Stored data:
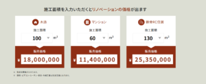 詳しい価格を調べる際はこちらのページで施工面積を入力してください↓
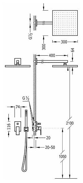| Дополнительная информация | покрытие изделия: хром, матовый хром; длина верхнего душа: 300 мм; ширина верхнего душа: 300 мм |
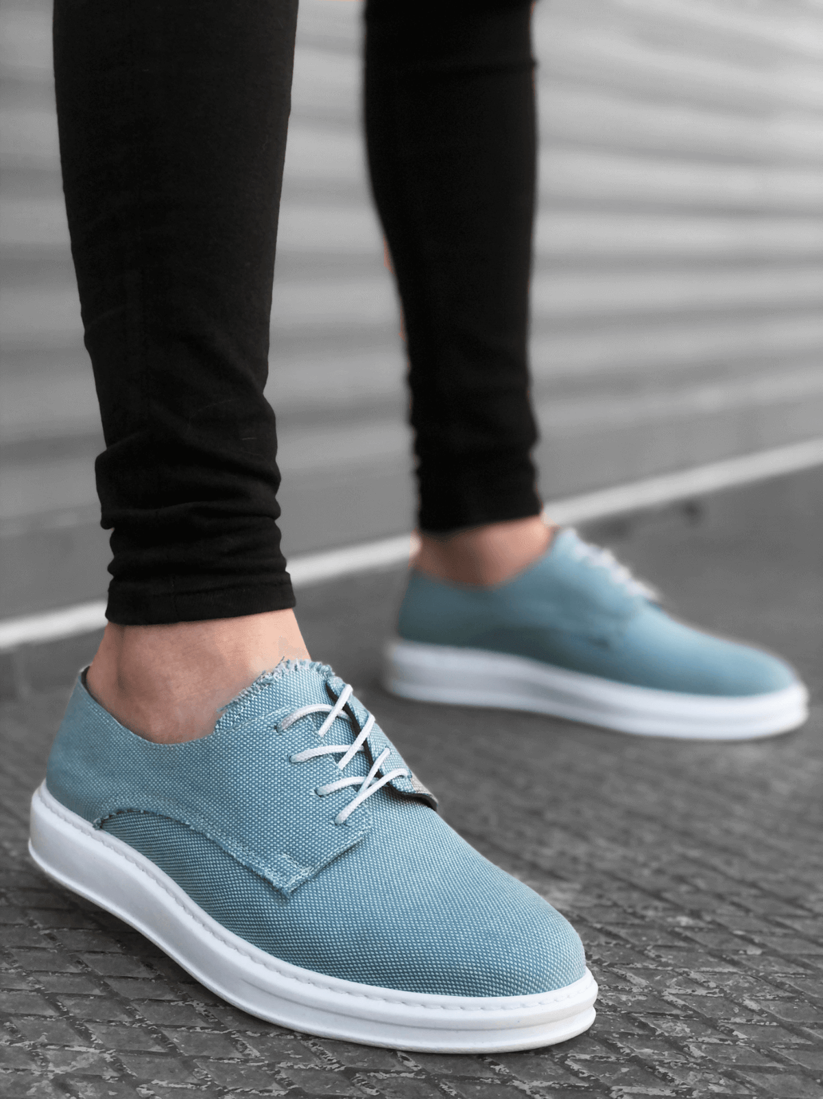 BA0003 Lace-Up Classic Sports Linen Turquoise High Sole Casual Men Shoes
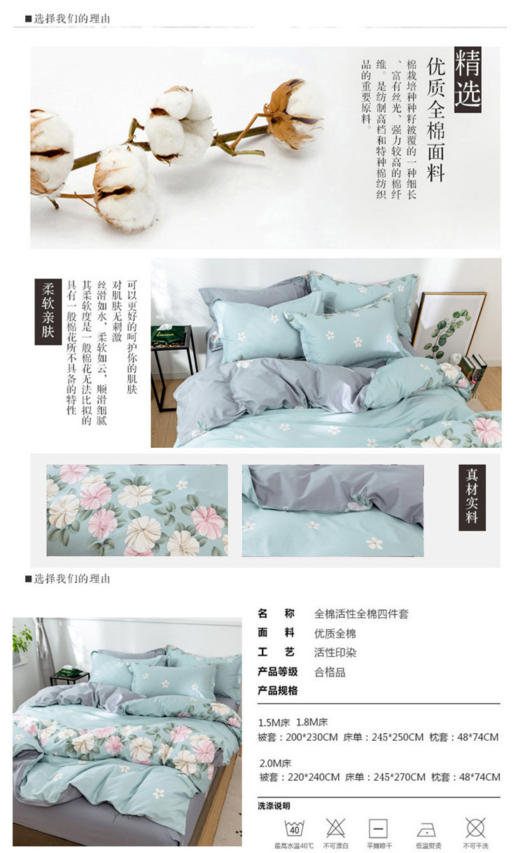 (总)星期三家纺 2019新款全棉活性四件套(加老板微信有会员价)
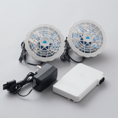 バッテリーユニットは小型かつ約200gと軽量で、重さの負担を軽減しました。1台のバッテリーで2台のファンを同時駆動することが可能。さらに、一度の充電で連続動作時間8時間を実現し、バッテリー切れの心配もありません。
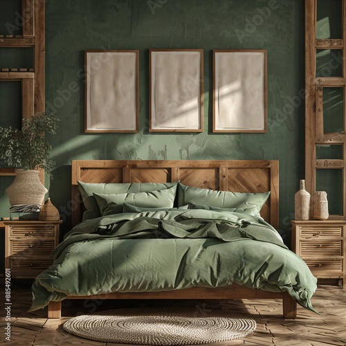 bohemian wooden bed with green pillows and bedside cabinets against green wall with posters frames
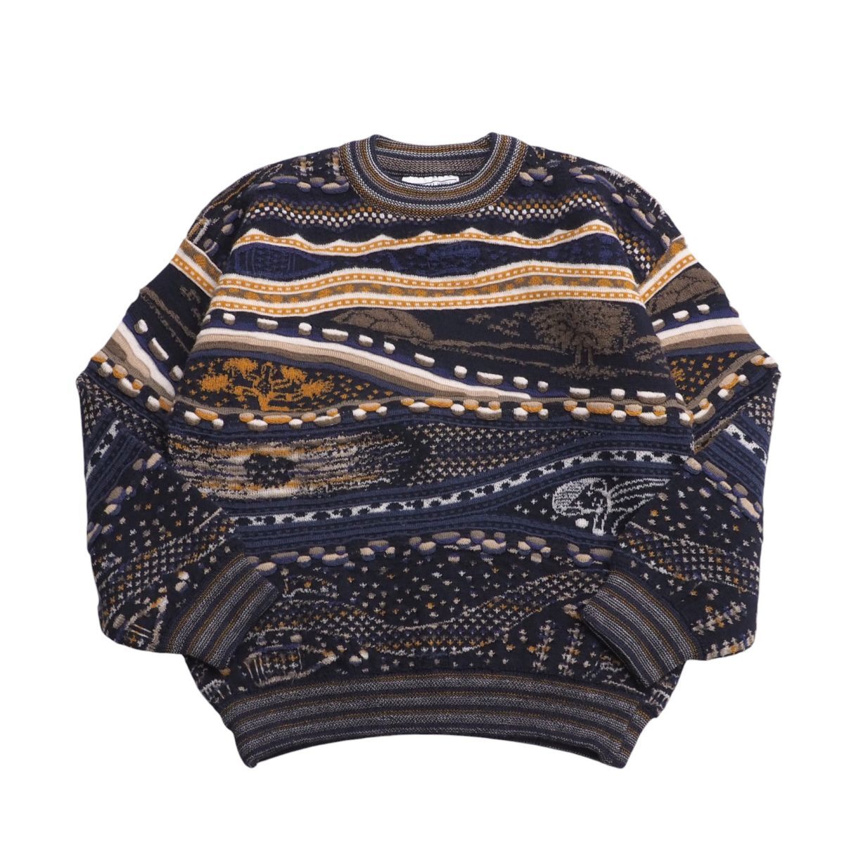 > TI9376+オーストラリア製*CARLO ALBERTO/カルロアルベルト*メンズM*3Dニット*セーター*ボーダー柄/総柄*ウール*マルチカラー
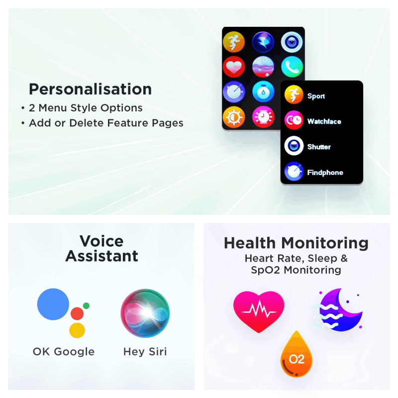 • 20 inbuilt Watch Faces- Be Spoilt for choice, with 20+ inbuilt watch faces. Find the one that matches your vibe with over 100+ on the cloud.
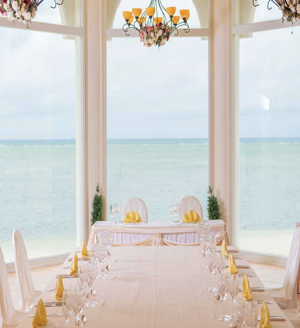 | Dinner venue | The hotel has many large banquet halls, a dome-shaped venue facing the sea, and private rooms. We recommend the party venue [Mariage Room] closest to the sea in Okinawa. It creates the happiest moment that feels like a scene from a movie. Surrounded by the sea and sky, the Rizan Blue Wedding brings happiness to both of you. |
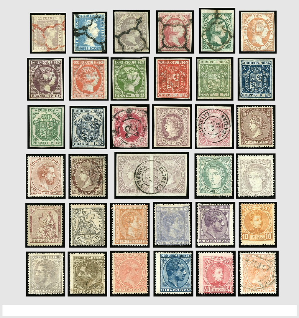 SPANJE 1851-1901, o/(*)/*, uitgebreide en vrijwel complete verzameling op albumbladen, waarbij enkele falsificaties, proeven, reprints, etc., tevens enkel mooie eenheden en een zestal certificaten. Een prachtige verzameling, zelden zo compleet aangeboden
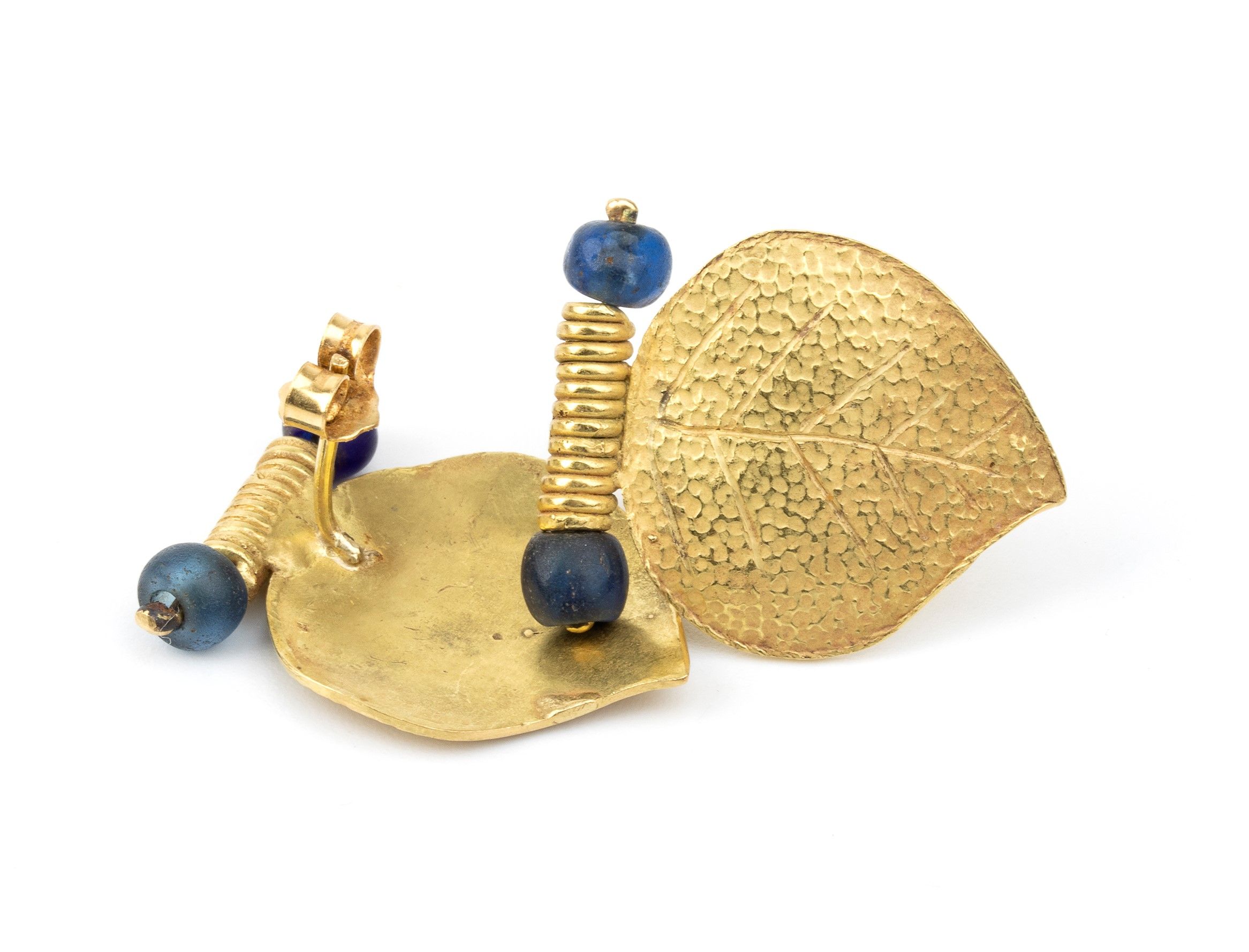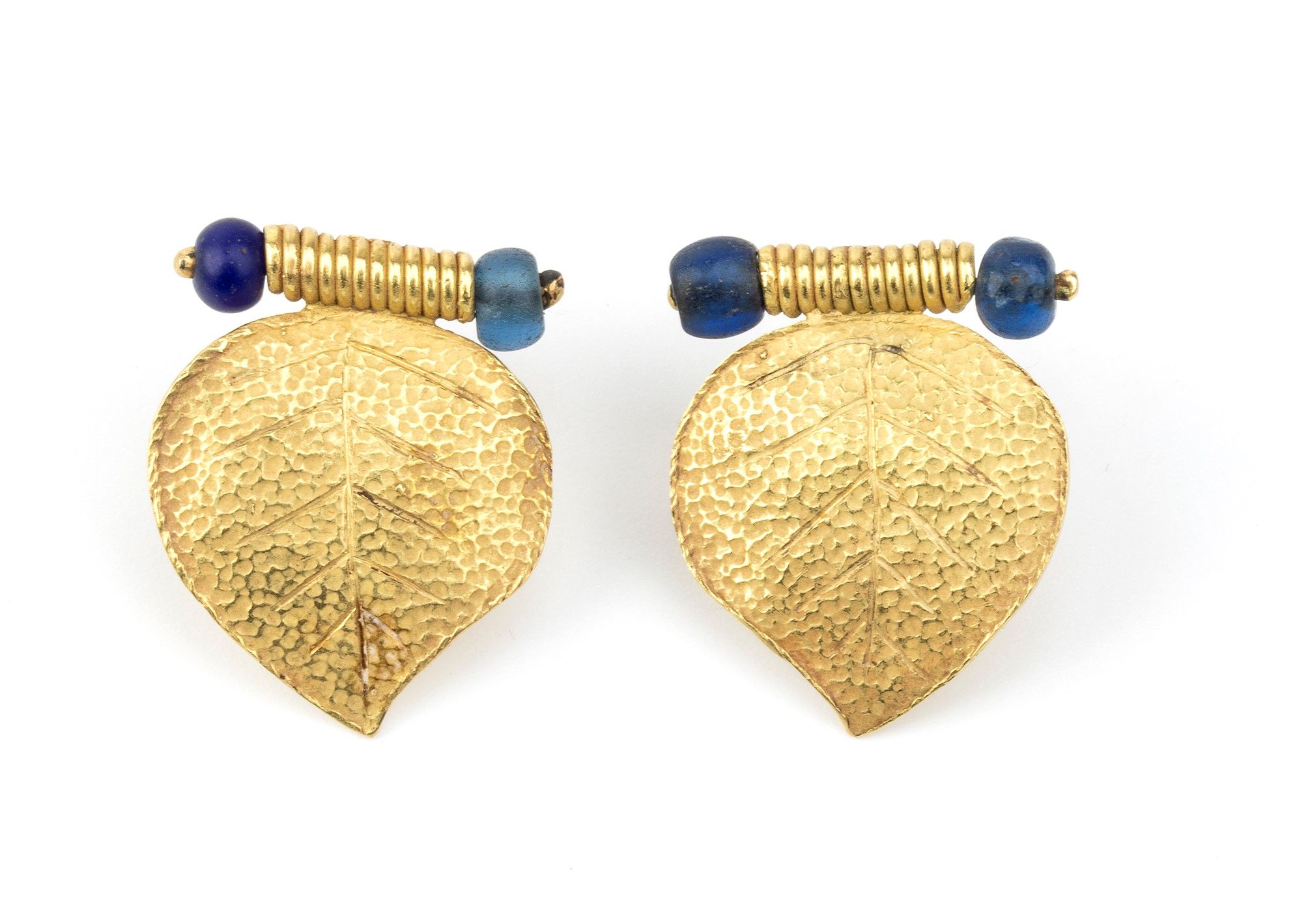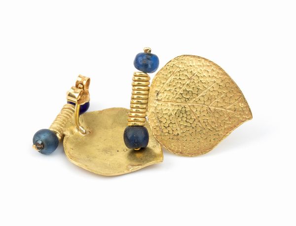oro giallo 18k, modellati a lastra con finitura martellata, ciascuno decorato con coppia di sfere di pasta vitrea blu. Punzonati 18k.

(Problem description) Would you give again, exactly, the lines in the data above that run from the line containing "bohemian wooden bed" to the line containing "on the cloud."? Include both ends and no pictures.

(Result)
 bohemian wooden bed with green pillows and bedside cabinets against green wall with posters frames
 > TI9376+オーストラリア製*CARLO ALBERTO/カルロアルベルト*メンズM*3Dニット*セーター*ボーダー柄/総柄*ウール*マルチカラー
 • 20 inbuilt Watch Faces- Be Spoilt for choice, with 20+ inbuilt watch faces. Find the one that matches your vibe with over 100+ on the cloud.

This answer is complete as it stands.